Die Römer führten in Istrien, wie im übrigen Europa, die erste Urbanisation durch. Bauten Straßen und verbanden die Städte, was eine erhebliche Weiterenwicklung des Handels zur Folge hatte. Entlang der ganzen Westküste der Adria-Halbinsel sind die istrischen Steinbrüche zu sehen, aus denen der Qualitätsstein für die römischen Prunkgebäude gewonnen wurde. Die gesamte Baukunst, von der Verarbeitung bis zur künstlerischen Ausgestaltung, erreichte eine noch nie dagewesene Perfektion. Zu sehen ist das heute unter anderem noch beim Amphitheater von Pula, das aus heimischem Kalkstein errichtet wurde.

Die Miniturstädte im Inneren Istriens liegen hauptsächlich an den Hügelspitzen, weil eine solche Lage einst natürlichen Schutz bedeutete. Einige von ihnen hatten außer Stadtmauern auch Türme und bewegbare Brücken, die sie vor Angriffen der benachbarten Feudalherren oder Venedigs zusätzlich schützen sollten.
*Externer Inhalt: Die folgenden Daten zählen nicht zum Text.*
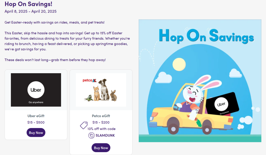 - 10% off $100 Uber or Uber Eats gift cards – Promo code BUNNYRIDES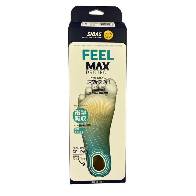 SIDAS 320764104 Max Protect Feel, M, US Men's Size 7.5 - 9.5 (25.0 - 26.5 cm), Insole, Shock Absorption, Lightweight, Everyday Use, Junior

Innerhalb dieser mittelalterlichen Ansiedlungen, die von Außen wie Festungen wirken, gab es ein Netz gewundener, den Stadtmauern folgender Straßen. Zentrum des Lebens waren Kirche und Stadtplatz. Die Stadtlogen als Form gibt es in solchen Städtchen erst seit Ende Mittelalters, als die urbane Kultur stärker wird. Sie waren Orte, auf denen sich die Stadtbürger versammeln und Stadtväter die wichtigen Entscheidungen treffen. In allen Formen des öffentlichen Lebens spielen sie eine große Rolle. Falls sie sich außer Stadtmauern befanden, dieneten sie als Zufluchtsort den Reisenden, wenn das Stadttor geschlossen war.

Motovun

Über Motovun erhebt sich der romanische gotische Glockenturm mit einer Zackenkrone aus dem 13. Jahrhundert, der neben der Pfarrkirche des heiligen Stephans aus dem 17. Jahrhundert steht. Auf dem zentralen Stadtplatz befindet sich auch der romanische kommunale Palast, das größte profane Gebäude in Istrien aus jener Zeit. Umgeben ist es von zahlreichen anderen historischen Bauten. Motovun war schon immer ein sehr attraktives und populäres Ziel für Touristen, so dass hier auch das im ehemaligen Palast der Familie Polesini befindliche Hotel Kaštel anzutreffen ist.

In Motovun finden zahlreiche Veranstaltungen statt, doch zu einer der bekanntesten ist in den letzten Jahren das internationale Motovun Filmfestival geworden, das Ende Juli abgehalten wird und an dem auch bekannte Filmkünstler aus der ganzen Welt teilnehmen. Motovun ist gleichermaßen für Freunde des Ballonfahrens interessant, weil das Fliegen wegen des günstigen Mikroklimas während des gesamten Jahres möglich ist, so dass Motovun der Gastgeber einiger Ballon-Veranstaltungen ist.

Rovinj

An der wunderschönen Westküste von Istrien, fast direkt am Lim Fjord, liegt der romantischste Ort im Mittelmeer! Die Stadt Rovinj ist die richtige Destination für alle, die sich nach einer sentimentalen Atmosphäre der vergangenen Zeiten sehnen. Diese Atmosphäre ist nur noch hier zu finden. Diese Stadt begann ihr romantisches Leben auf einer Insel, einem begrenzten Raum, welcher der Stadtstruktur der eng einander gebauten Häuser, schmalen Gassen und kleinen Plätzen einen Sinn gegeben hat.

In Rovinj und der Umgebung erleben Sie die wunderbare Natur, erfüllen ihr Herz und Seele mit Liebe und Ihre Erinnerungen bereichern Sie mit Romantik, die nur in dieser kleiner Ecke von Mittelmeer zu finden ist.